I'd expand on one of his points and observe that one of the core problems is that they are called exceptions, which prejudices the discourse in advance. They aren't exceptions. They are a way of declaring a handler that is scoped to receive certain types of objects on a second control plane (beyond normal control flow), which when invoked, destructively unwinds the stack until a matching handler is found or the program terminates due to falling off the top.

That is what they are. One of the things this mechanism is used for is exceptions, but that is a separate concept. It is possible that exceptions are generally a good idea, but that is the wrong mechanism to use for them (see, for instance, Lisp conditions & restarts for a good argument to that effect [1]). It is also possible that exceptions in general are a bad idea and it is better to use inline error codes rather than the separate control plane but that there is some other valid use for this second control plane (see all the non-exception uses of "exceptions", and note this is not hypothetical; see Python's StopIteration exception [2]).

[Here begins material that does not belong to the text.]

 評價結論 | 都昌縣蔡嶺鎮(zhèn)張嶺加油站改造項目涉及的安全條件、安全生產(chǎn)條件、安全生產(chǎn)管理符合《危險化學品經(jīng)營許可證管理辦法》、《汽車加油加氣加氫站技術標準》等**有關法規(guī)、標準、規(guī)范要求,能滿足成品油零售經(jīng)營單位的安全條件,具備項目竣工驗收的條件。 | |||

Conflating the feature with the most popular use just leads to lots of confusing debates with people talking past each other.

[1]: http://www.gigamonkeys.com/book/beyond-exception-handling-co...

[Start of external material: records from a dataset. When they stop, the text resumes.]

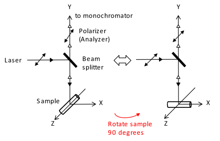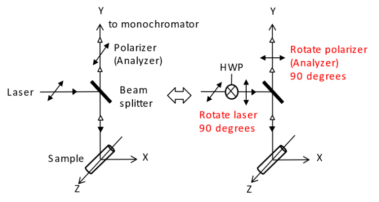 使用半波片 (Half-wave plate,HWP) 將雷射光束的偏振面旋轉 90 度。同時,拉曼光路側的偏光片(Analyzer)也旋轉90度。
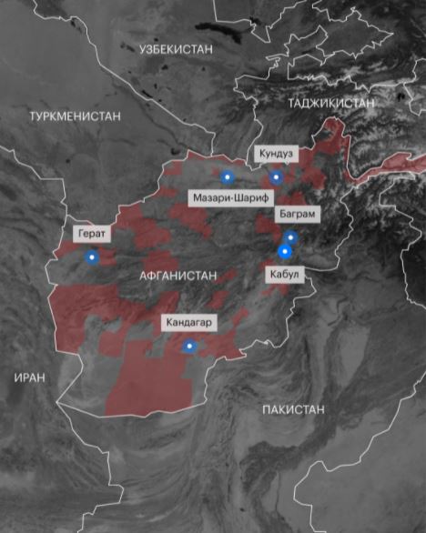 Территория, которую взяли под контроль талибы, обозначена красным. Источник РБК
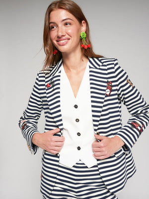 The Vilagallo Stripe Blazer showcases a delightful striped design complemented by charming positioned illustrations. Featuring a classic lapel and a single-button closure, this stylish piece includes front pockets for added convenience. Ideal for elevating casual outings or enhancing your office attire, it's a versatile addition to your wardrobe that brings character and flair to any setting.
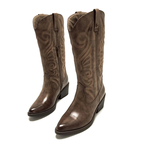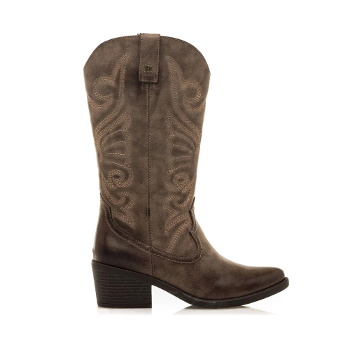 Bota cowboy de color moka para mujer, modelo Tanubis de Mustang. Este diseño de caña media resalta por sus bordados decorativos en hilo claro que contrastan con el acabado desgastado del corte. La puntera ligeramente afilada y el tacón medio ancho aportan un equilibrio entre estilo y comodidad. Con cremallera interior para facilitar el calce y tiradores superiores que refuerzan su estética western, es una opción ideal para darle un aire vaquero a tus looks.
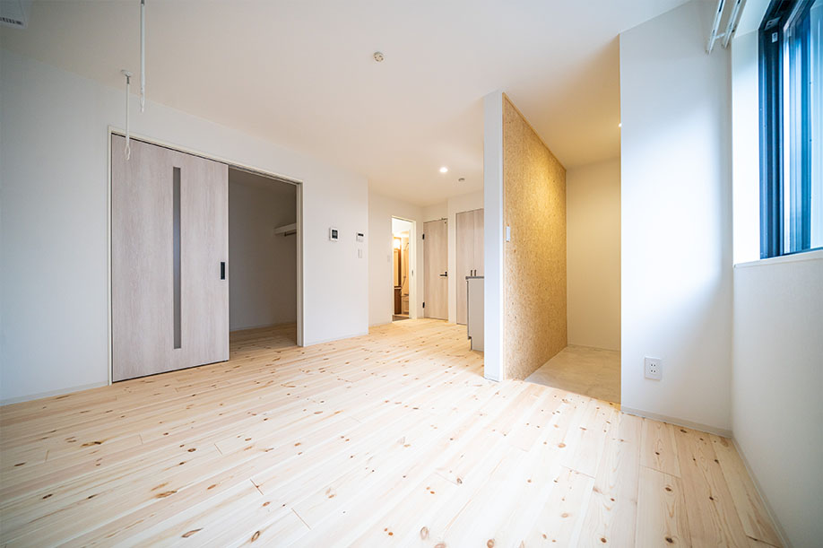 1階のお部屋は広々とした玄関が特徴。 自転車を中にしまう事が出来ます
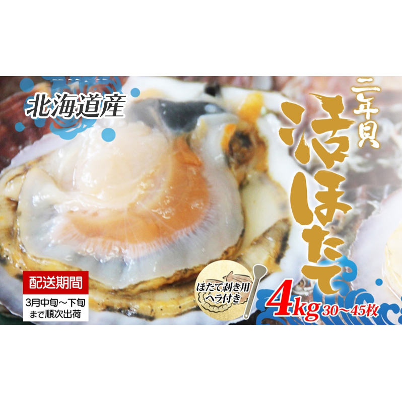 北海道産 活ほたて 2年貝 約 4kg 30枚~45枚 2026年3月中旬~3月下旬頃お届け 殻付き 貝付き 帆立 ホタテ ほたて 貝 魚介 海産 海鮮 貝柱 噴火湾 刺身 焼き フライ 生産者支援 産地直送 送料無料
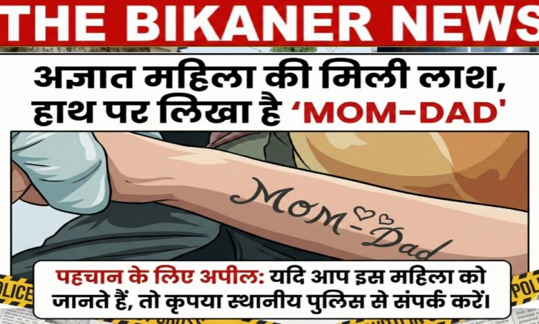 Breaking-बीकानेर में मिली अज्ञात महिला की लाश, हाथ पर गुदा है ‘मॉम-डैड’ का टैटू; पहचान के लिए पुलिस ने जारी किए नंबर
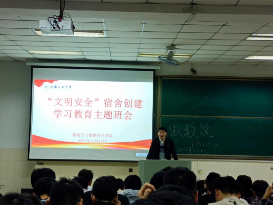 在阶梯教室202召开“文明安全”宿舍创建学习教育主题班会,会议由21级辅导员许丹丹、张佳良主持,21级全体同学参加。
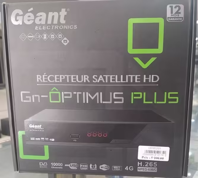 Geant GN-Optimus Plus is a full HD digital satellite receiver. Its Output resolution is 1080P 50 to 60 HZ, 32 BITS. The display screen is a natural on-screen display (OSD) Storage memory: More than 100 satellites that you can download to the device. Multilingual voice. Multilingual DVB subtitle output. Teletext output through OSD screen. Different sets of the favorites list. It can support the locking and editing of the favorite list. Multilingual menu English, French, Russian, Greek, Italian, Arabic, Persian, Ukrainian, Swedish, Spanish, Turkish, and German. Alpha server holder for 2 years. The device carries SERVEUR ALPHA 24 MOIS V. This type opens the French channels v RMC. It can support SPORT CANAL+ BEIN SPORT IPTV DRAGON 12 MOIS Duration.

[2]: http://www.python.org/dev/peps/pep-0234/ , use Find to search for "It has been questioned" for a direct response to this issue

RickHull · on March 5, 2013

> I'd expand on one of his points and observe that one of the core problems is that they are called exceptions, which prejudices the discourse in advance. They aren't exceptions. They are a way of declaring a handler ...

I can't figure out what you're referring to with they. I am guessing wrapped exceptions, but also maybe the example where nil was passed to the constructor instead of a hash?

jerf · on March 5, 2013

Exceptions are called exceptions. But they really aren't. They're two concepts conflated together.

RickHull · on March 5, 2013

> Exceptions are called exceptions. But they really aren't. They're two concepts conflated together.

> They aren't exceptions. They are a way of declaring a handler ...

Hm, if that's the case, then you described the handling of exceptions, which is distinct from the declaration of the exceptional case as well as the act of throwing or raising the exception.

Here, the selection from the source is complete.